Without a word or even much hesitation, Julie lay down on the grass beside me and laid her hands over her chest.

Lead by example, I always say.

Odd Lots

  • As I polish up this Odd Lots, I see that is down, which is significant to me since they host and Have no idea what’s going on yet, nor how long the outage has existed. (I was over at one of Carol’s friends’ rebuilding some very ad-hoc tomato shelters in honor of George Ewing until an hour or so ago.) If some of my pages are inaccessible, it’s not about me; it’s the whole damned hosting service.
  • We lost Martin Gardner the other day, at 95. Amazing man, something like a technical Colin Wilson, who wrote the “Mathematical Games” column in Scientific American for 25 years, edited Humpty Dumpty’s Magazine for Little Children (which I read circa 1957-59) and cranked out books for most of his life.

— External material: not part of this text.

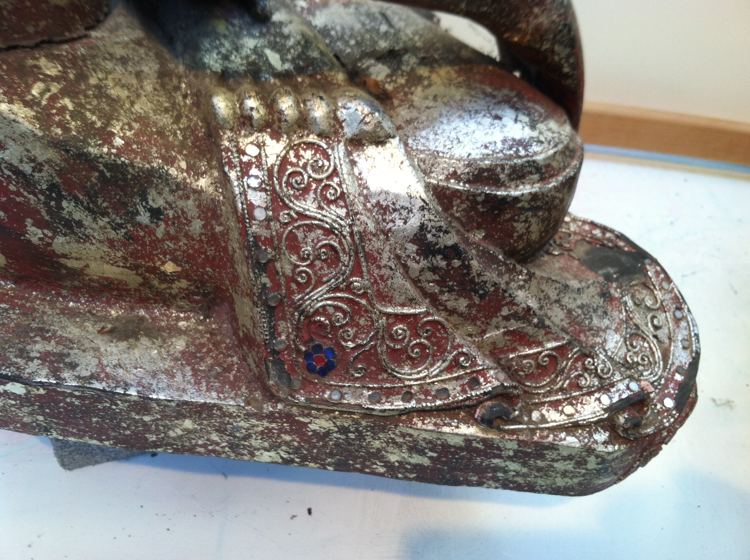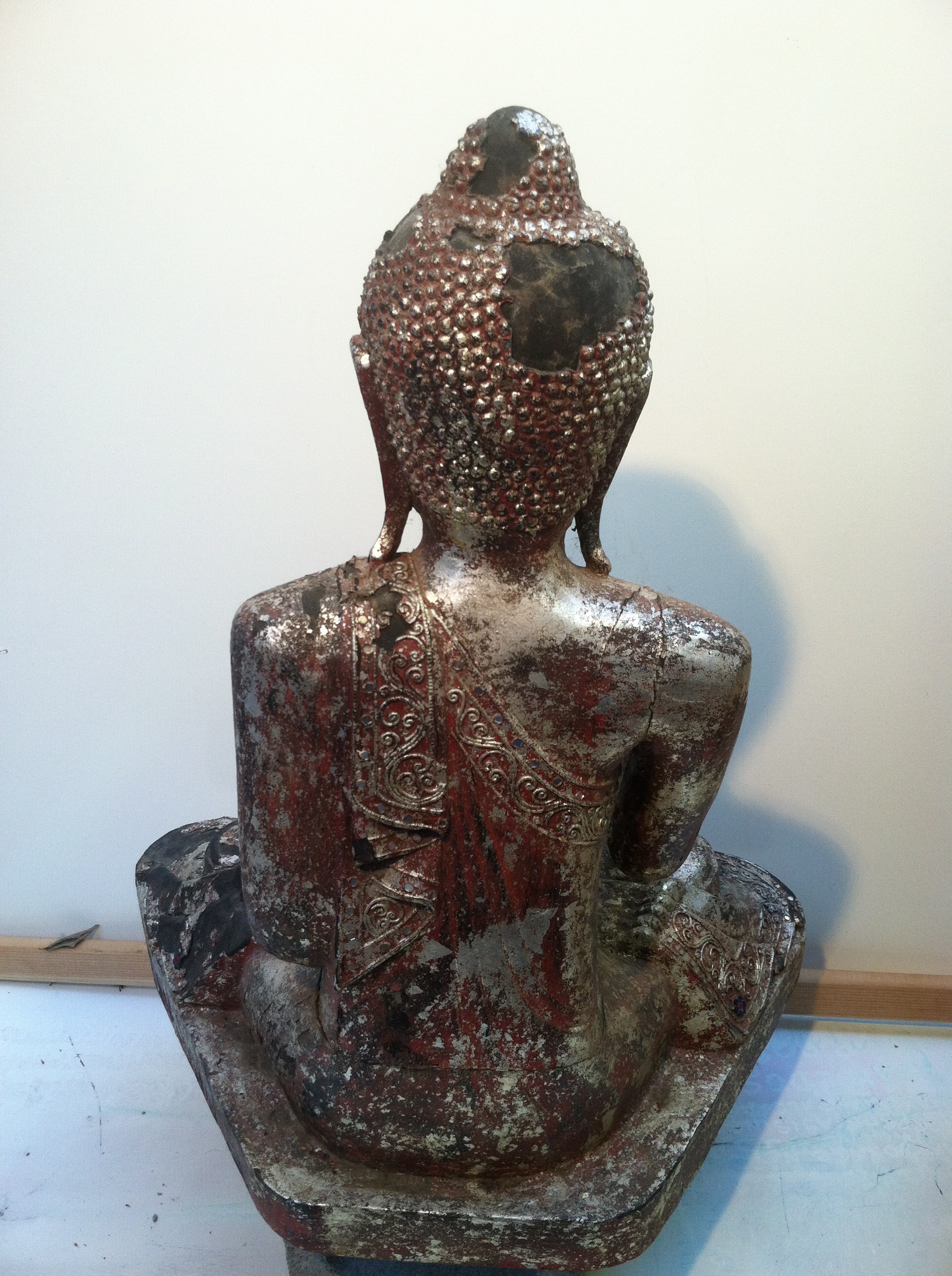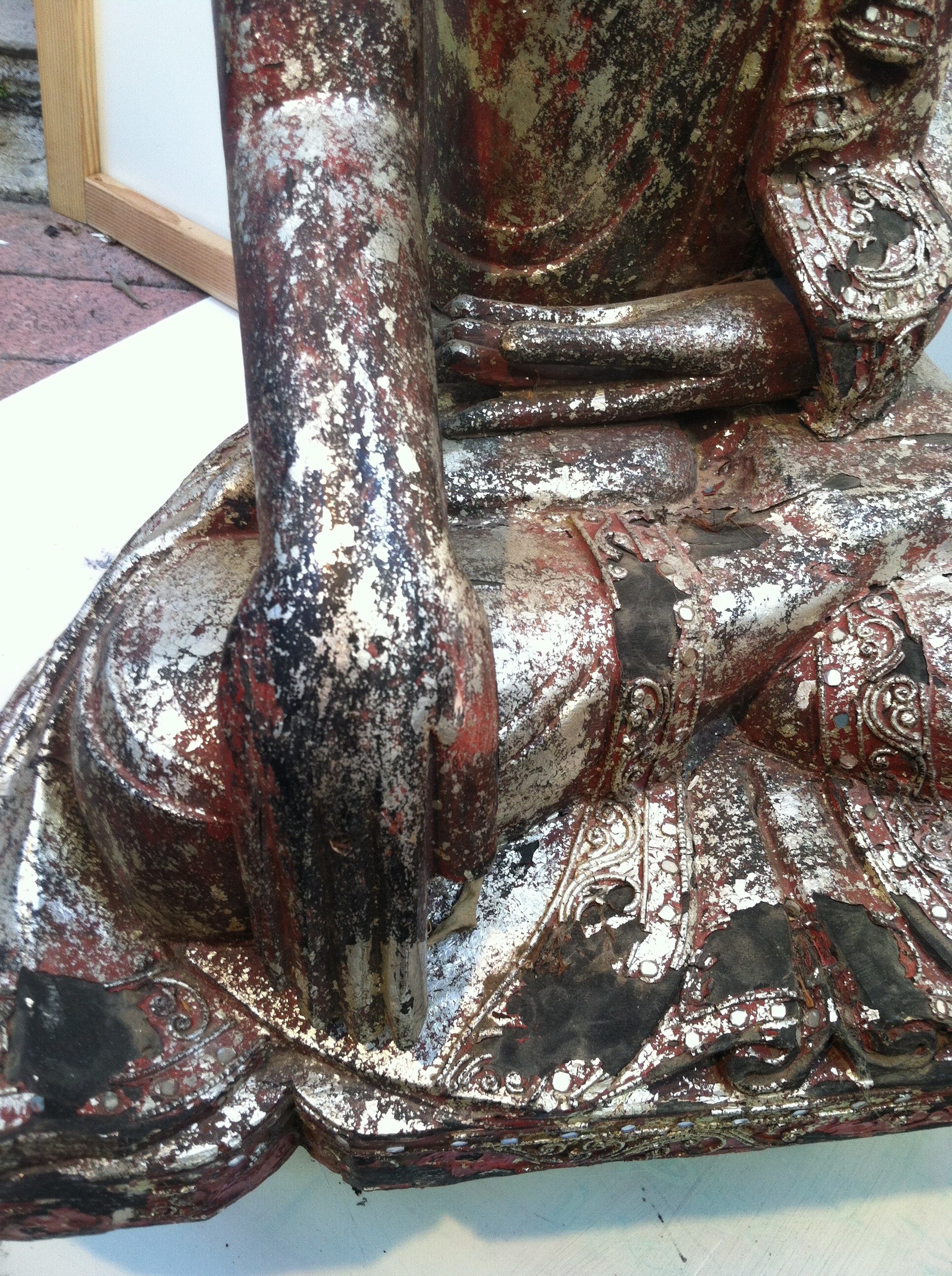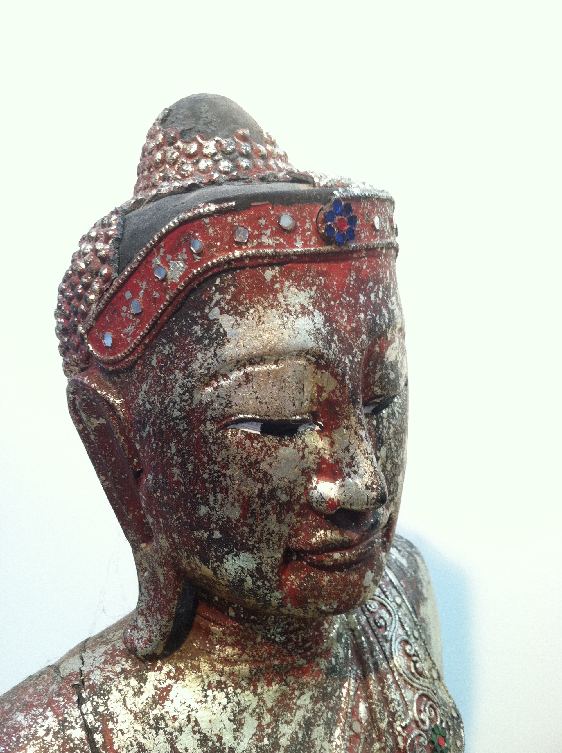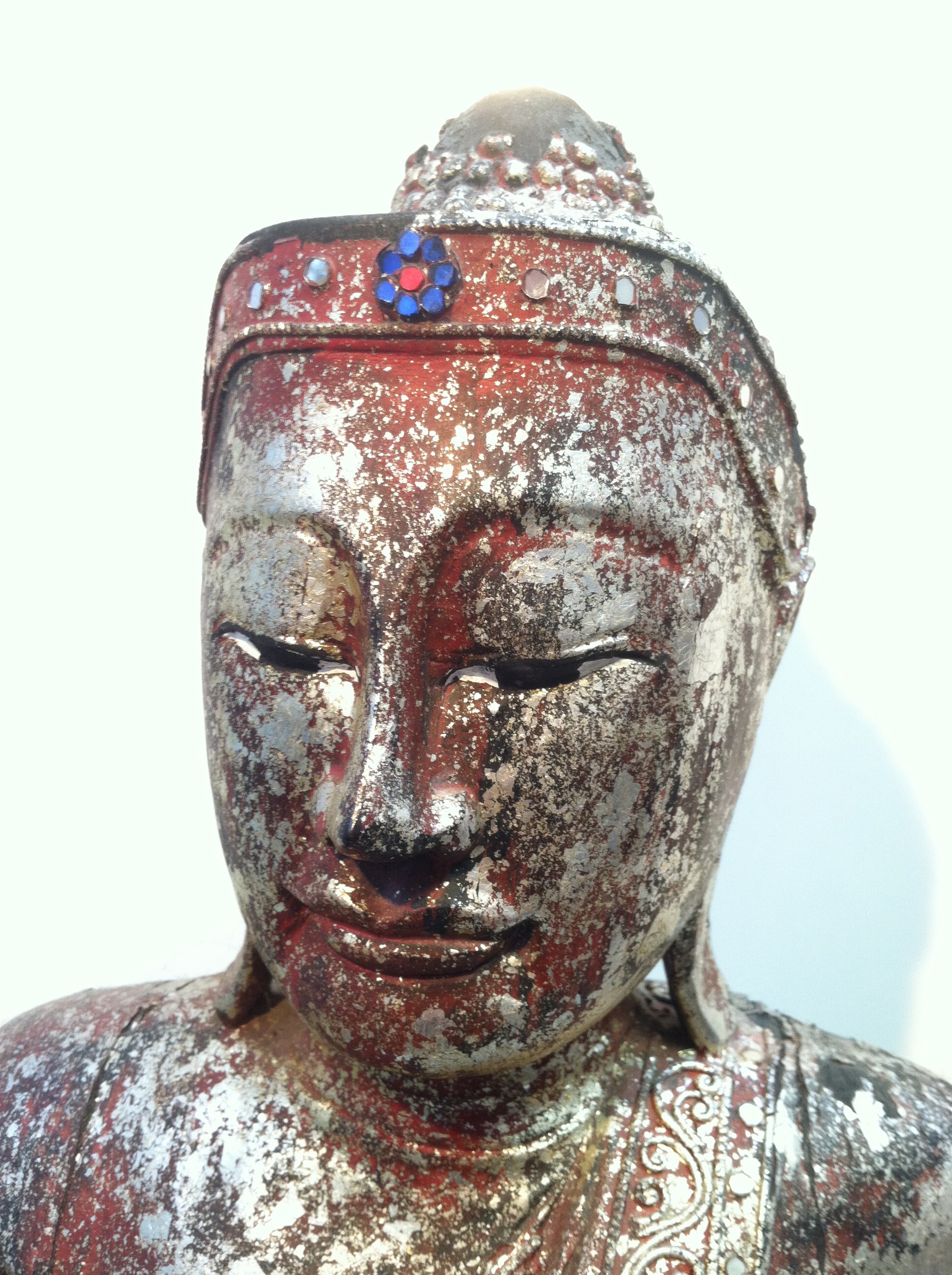 Wooden Sitting Buddha Statue, possibly of Burmese or Thai origin, heavily withered, about 25 inches tall, painted wood and gold paint as well as decorated

Every one I’ve read has been terrific, and I especially endorse Fads & Fallacies in the Name of Science (1957) and The Annotated Alice (1960.) I should look for a few more.
  • Art Linkletter too, who made it to 97. It was in Linkletter’s very funny book Kids Sure Rite Funny that I found the wonderful kid-quote: “Now that dinosaurs are safely dead, we can call them clumsy and stupid.” The book’s copyright was not renewed and it is now in the public domain; you can read it online or get free ebook copies in various formats here.
  • The problem with how to carry your iPad made it all the way to the Wall Street Journal, which devoted an A-head story to the issue. My correspondents (including a couple who have the iPad) think a belt holster is unrealistic. Best iCartage solution I’ve seen so far (including a photo endorsement from Woz himself) is the Scott eVest, with 22 hidden pockets, including one custom-designed for the iPad.
  • Then again, there’s some unexplored form factor territory between smartphones and iPads. I find the Dell Streak (formerly the Mini 5) intriguing for its size/shape alone. (Here’s an interesting perspective on display size from Engadget.) The 5-inch model that will launch later this year (and in the UK on June 4, I hear) is about the size of an old HP scientific pocket calculator, and in the fevered days of my youth alpha geeks carried those around in leather belt holsters. Even the rumored 7-inch version could be belt-holstered with some care; beyond that it gets dicey. (Dell supposedly has a 10-incher in development.)
  • After asking mobile developer David Beers about his thoughts on the Android OS, I discovered that Google will let you download an Android LiveCD so you can mess around with the OS on an ordinary Intel PC without having to lay out for an actual mobile device.
  • That unpronounceable volcano in Iceland, perhaps fearing that the world was starting to get bored with it, blew a volcanic smoke ring the other day. Many people, perhaps thinking that smoking may be hazardous to a volcano’s health, are cheering it on.
  • After several calm days here, the winds came up again yesterday morning. As Carol and I were driving back from Walgreen’s, we saw dust clouds crossing Broadmoor Bluffs in front of us on several occasions. It’s dry here, and construction sites generate a lot of brown dust, true. But then the winds calmed for a few seconds before starting up again, and when they did, we saw a large pine tree shake in the wind and let go a thick cloud of yellow dust. Pine pollen by the pound. No wonder I can barely breathe.

More George Ewing Stories

In the wake of George Ewing’s passing, my old friend Lee Hart sent me an email full of reminiscences. Some of these were familiar to me, but most of them were new. (Lee had been local to George for a lot of years and saw him far more often than I did.) So let me set them down here with minimal editing, as I’m currently in the center of the vortex trying to get things in sufficient order to do some serious writing in coming weeks.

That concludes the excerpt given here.